On the Control Panel, preferences give administrators the capability to: define ODBC connections; enable or disable hardware devices; configure folder options; define "open with" associations for file name extensions; control file name extensions; define internet settings and network options, like VPNs; codify power options and power schemes; control printers; control regional options, control scheduled tasks, modify services; and modify the Start menu options.

Microsoft also announced that users will have two ways to obtain the Group Policy preferences technology. They can get it by buying Windows Server 2008 when it goes on sale next year, or they can obtain the capabilities by buying a new product called Remote Server Administration Tools (RSAT), which is designed for managing Windows Vista, and will also work with Windows Server 2003. RSAT should be available about the same time as Windows Server 2008 goes on sale, Microsoft says.

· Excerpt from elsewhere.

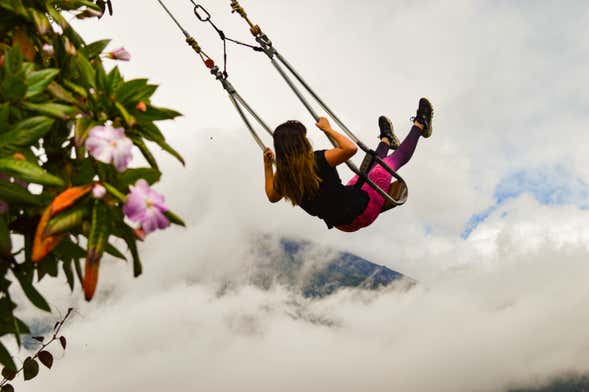 In seguito, visiteremo l'altalena Fantasías de Volar, alta oltre sessanta metri, da cui potrete contemplare una vista vertiginosa sulla città di Baños de Agua Santa.

Microsoft continues to sell separately other Group Policy products obtained from DesktopStandard, including the GPOVault software, which keeps track of changes made to Group Policy Objects (GPOs) as a plug-in to the GPMC. DesktopStandard's security tools were not included with the acquisition, and are available from a spin-off company formed last year called Beyond Trust.

Windows Server 2008 will be officially launched with several other products on February 27. However, it is expected to be released to manufacturing before that time.

Interested parties can go to www.microsoft.com/downloads/details.aspx?FamilyId=1087A498-40AD-46BA-9ADA-F32A58A94A85&displaylang=en to download a copy of Windows Server 2008 RC1.